24 March 2013

Gilmore Girls: Intelligent Television

Note: I originally published this post on The Sparrow Tree Square Blog on June 28, 2011. It is one of a handful of Sparrow Tree Square posts that I'm moving over here, where they better fit.

Promotional Image by Warner Brothers via Wikipedia
I first paid a visit to Stars Hollow, CT (the fictional setting of the television show Gilmore Girls) in the summer of 2009, two years after Gilmore Girls had gone off the air. It was eleven o'clock in the morning and I was trying to distract myself from being nervous about my upcoming orientation at Villanova University, so I turned the television on and searched for something to watch while I worked on a knitting project. I wasn't used to watching television during the day, so I didn't have much success in finding a show that I was familiar with.

I stumbled upon a repeat airing of Gilmore Girls on the ABC Family channel purely by chance and I was almost instantly hooked. I had heard of the show before and had a vague idea that it was a typical teen drama, but I soon discovered that Gilmore Girls is anything but typical. In fact, having recently finished watching all seven seasons I can safely say that Gilmore Girls is one of the smartest, funniest, quirkiest, and most genuine shows ever to air on television.

The show stars Alexis Bledel as the smart, studious Rory Gilmore and Lauren Graham as her mother Lorelai, the manager of a historic inn who had Rory when she was just sixteen. The early seasons of the show focus on Rory's transition from her small town high school to an elite prep school, to which Rory transfers in order to have a better chance of being admitted to Harvard University. Lorelai, meanwhile, must set aside sixteen years of estrangement from her wealthy parents in order to secure financing for Rory's education.

As the series progresses, Rory goes from high school to college and Lorelai moves from managing an inn to owning one of her own. We also see Rory and Lorelai try to balance their educational and career aspirations with their love lives, which don't always go very smoothly over the course of the series. The more serious elements of the show, however, are always evened out by Rory and Lorelai's interactions with the slightly zany residents of Stars Hollow. The town's weekly meetings and numerous special events are venues for some of the show's most humorous moments.

In both its serious and humorous storylines, Gilmore Girls never underestimates the intelligence of its audience. Each episode is packed with references to books, movies, televisions shows, celebrities, and more, and sometimes you'll have to look up a certain reference in order to get the joke. Gilmore Girls never panders to the lowest common denominator and always maintains a clever, witty tone. Just as the show's characters (Rory in particular) are unapologetically intelligent, so is the show's writing.

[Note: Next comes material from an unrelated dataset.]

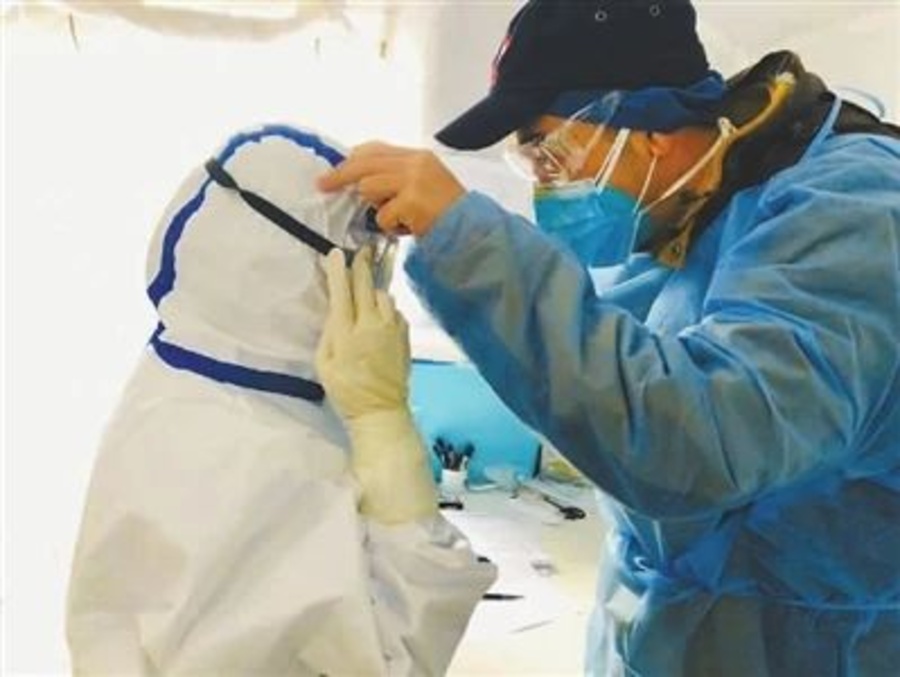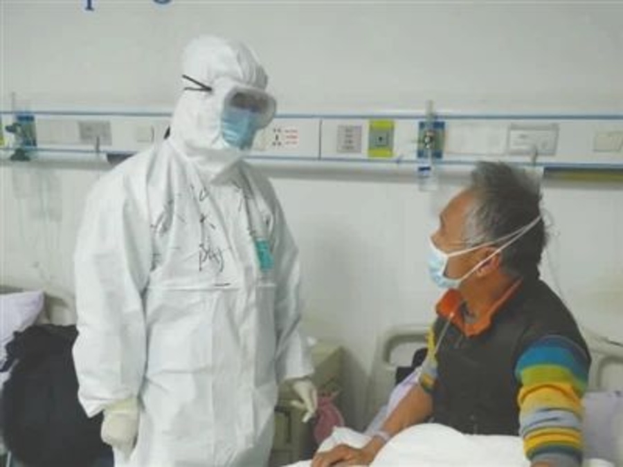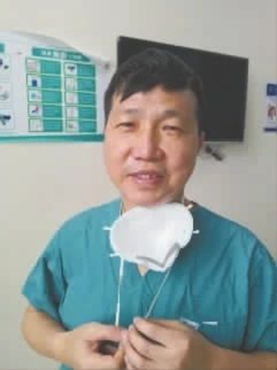 潘红星(左),广东援鄂医疗队队员、汕头大学医学院第一附属医院副主任医师、九三学社社员。

I think what attracted me to Gilmore Girls the most, though, is the show's unique portrayal of a mother-daughter relationship. Rory and Lorelai are best friends as well as mother and daughter, and don't have the kind of antagonistic relationship that most television shows portray as the norm for teens and their parents. I'm fortunate to have a great relationship with my mother that, in many ways, is very similar to Rory and Lorelai's. It was such a nice change to see that kind of closeness between mother and daughter when most other teen-oriented programs present parents as clueless, villainous, or just plain absent.

I recently finished watching the entirety of Gilmore Girls thanks to two DVD sets and the WB online video player. I'm sad to see the end of one of my favorite shows, but I'm also looking forward to starting the journey all over again with Season 1.